Marranos or Secret Jews were Jews resident in the Iberian peninsula in the late fourteenth through seventeenth centuries who adopted Christianity, either through coercion or for convenience, publicly professing Roman Catholicism but secretly adhering to Judaism.

Many Jews converted to Christianity after the reconquest of Spain from Islamic control resulted in a wave of intolerance toward Jews beginning in the late fourteenth century. These conversos (converts), as they were also called, numbered over 100,000 in Iberia. They were also known by the name of Cristianos nuevos (New Christians). Jews referred to them as anusim (the constrained ones), a general word for forced converts from Judaism. Although the exact origin of the word is uncertain, the term Marranos in Spanish and Portuguese meant "pigs," and may have stemmed from the ritual prohibition against eating pork among both Jews and Muslims.

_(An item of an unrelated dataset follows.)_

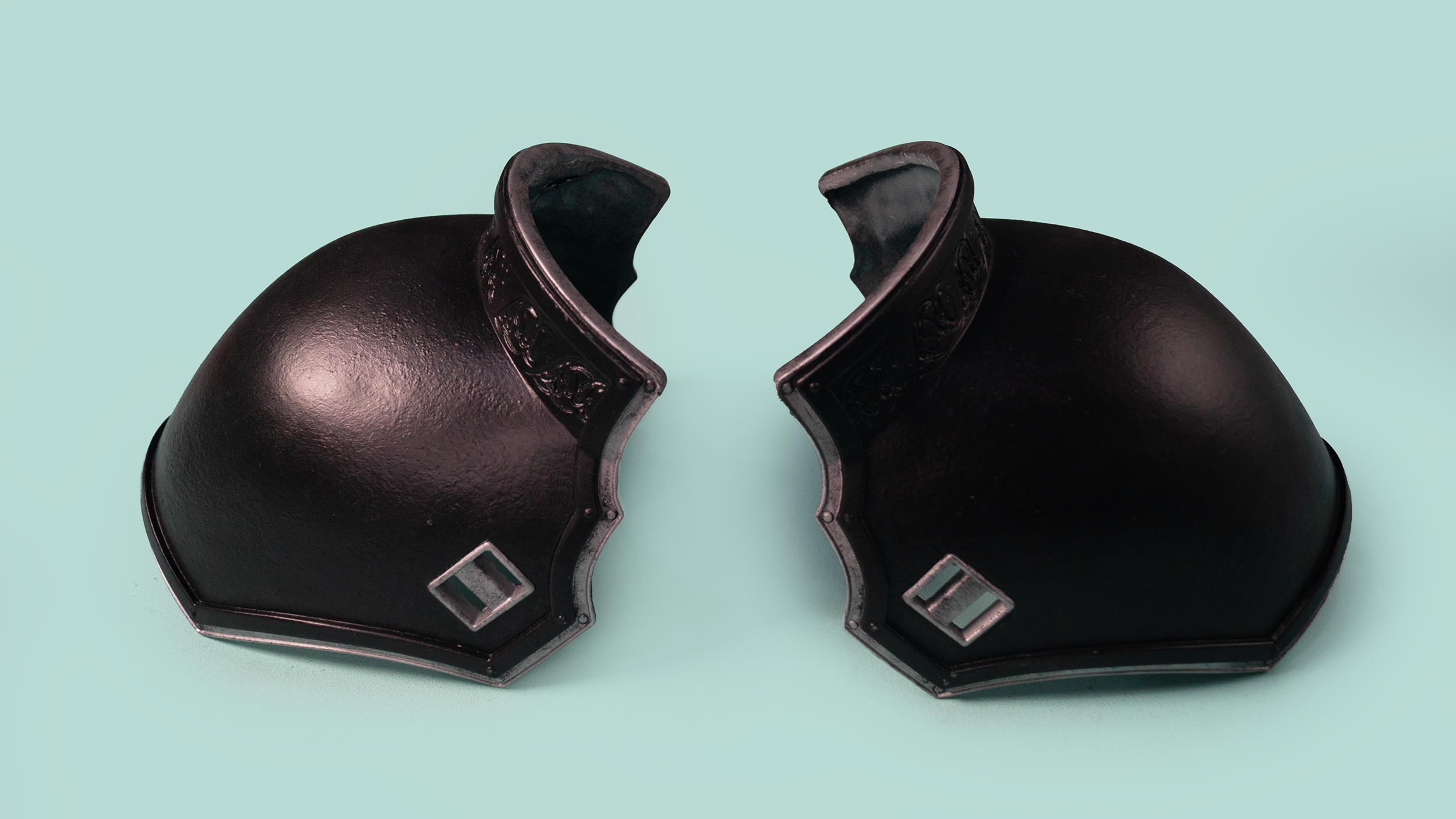 A resin cast, cosplay kit for Zack Fair's pauldrons from FF7 Remake. Comes with resin-printed notches for the slots. Main part of the pauldron has a slight pebbled texture. Kit comes as a set of 2 pauldrons.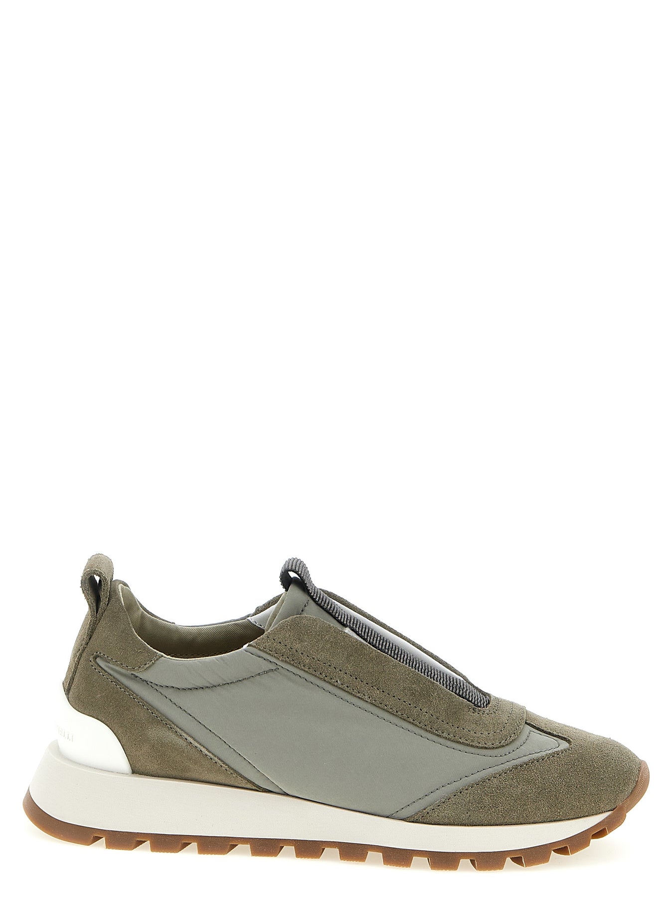 'Runners' sneakers in techno fabric with tone-on-tone suede inserts, slip-on model with elastic tongue and Monile 'Precious Detail', TPU rubber tread, micro lightweight sole.

The conversion of these Jews to Christianity soon became suspect, resulting in several waves of severe persecution against them, in which thousands died. The Spanish Inquisition was instituted in the late fifteenth century to expose Marranos whose Christianity was insincere, and the expulsion of the Jews from Spain in 1492 resulted in part from accusations that Jews were tempting the Marranos to sin by reverting to Judaism.

The treatment of the Marranos stemmed to a large degree from Christian Anti-Judaism in general and laid the foundation for the future history of the persecution of the Jews in Europe.

Overview

Scene from a fourteenth century Spanish synagogue

Spain and Portugal possessed a sizable Jewish population in the late Middle Ages under Muslim rule due to the relatively tolerant policy of Islam to people "of the Book." After the Spanish reconquista of Muslim lands, however, Christian Anti-Judaism put the Jews under considerable pressure to convert. In the late fourteenth century, Christian mobs attacked the Jewish "Christ-killers," and thousands of Jews became martyrs for their faith. Many more, however, took the expedient course of allowing themselves to be led to the baptismal fount. About 100,000 Jews thus became "conversos."

Over the next century, many of the conversos were able to practice Judaism covertly and even to form secret Jewish communities. Some of these "Marranos" had considerable wealth and occupied influential positions at court, and occasionally even in the hierarchy of the Catholic Church. A wave of suspicion thus spread against all conversos regarding the sincerity of their conversions, resulting in persecution.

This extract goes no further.